All in the Family: Asset Protection for Single Doctors

September 16, 2008
Steven Podnos, MD, MBA

Physician's Money Digest, July31 2003, Volume 10, Issue 14

I got a recent phone call from my physician-brother. In an attempt to save money, he was contemplating reducing his medical malpractice insurance coverage from $1 million/$3 million to $250,000/$750,000. However, he was worried about the increased exposure of his personal assets to creditors following this move.

We discussed the fact that a very powerful means of asset protection in our state (Florida), holding assets "as tenants by the entireties" between husband and wife, was not available to him as a single doctor.

We then reviewed the options open to him and to other "singles." I'm not an attorney, and not legally able to dispense legal advice, so we discussed the issue generally. Anyone interested in this subject should meet with a competent asset protection specialist.

PLANS PROTECTED?

We discussed that his qualified retirement plan at work was safe from creditors. In Florida and many other states, IRAs are also generally protected from creditors. I argued that his maximizing contributions to both his qualified plan and nondeductible contributions to his IRA made good sense for retirement and tax issues, in addition to their attractive asset protection features.

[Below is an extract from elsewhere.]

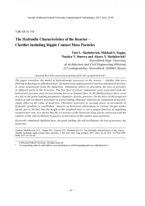 Библиографическое описание: Гидравлические характеристики реактора-осветлителя с учетом пульсаций частиц контактной массы = The Hydraulic Characteristics of the Reactor – Clarifier Including Ripple Contact Mass Particles / Ю. Л. Сколубович, М. С. Соппа, Синеева, А. Ю. Сколубович. - Текст : непосредственный // Журнал Сибирского федерального университета. Техника и технологии. - 2017. - Т. 10, № 1. - С. 36-43 : рис. - Библиогр.: с. 43. - ISSN 1999-494X.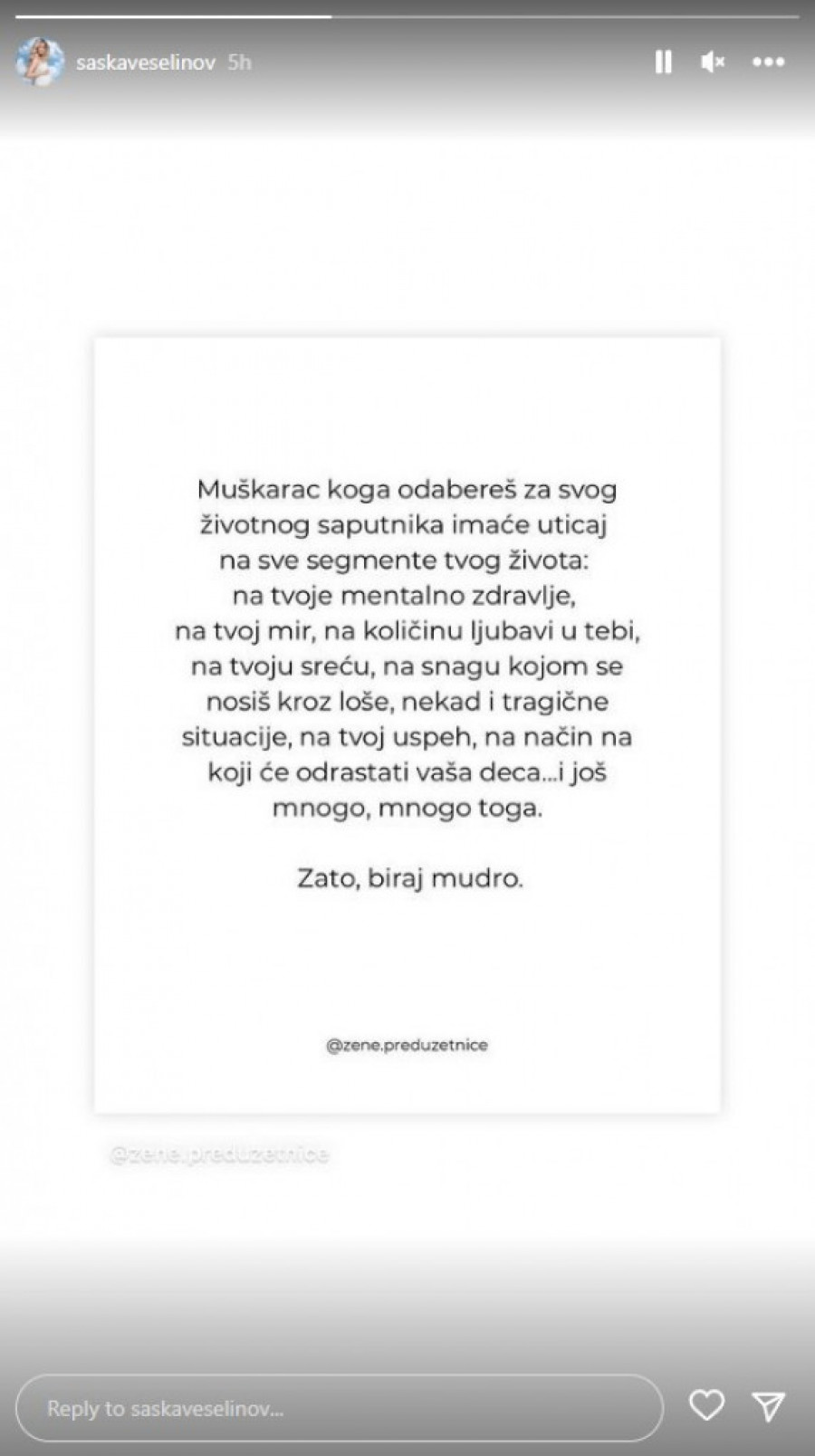 Da je pronašla srodnu dušu Saška je potvrdila i u nedavnoj objavi na Instagramu:

He asked about life insurance and annuities, and we discussed that these have been a safe asset protection category in most states. He was concerned that money he put into insurance or annuities would become much less available to him for other needs, a point well taken.

Although he doesn't own a home, we noted that Florida has very strong protection of one's homestead from creditors, and that he might consider putting some assets there. I did tell him that other states are not nearly as generous with homestead allowances, and that he'd need to consider where he might be living in the future. I have seen it argued elsewhere that paying off a mortgage with liquid assets is one way to safely "encumber" personal holdings in the face of a lawsuit, but I told my brother to check this with a lawyer.

PLAN FOR PLANS?

After reviewing all these ways to protect himself, he asked about family limited partnerships (FLPs), limited liability companies (LLCs), and offshore asset trusts. I again cautioned that I could not give competent legal advice, but that I had been reading many opinions by asset protections gurus. It appears that some judges are beginning to "pierce" the protective structures of the FLPs and LLCs, especially when they are made up by a "single member," or when they appear to have no other legitimate purpose other than as an asset protection device.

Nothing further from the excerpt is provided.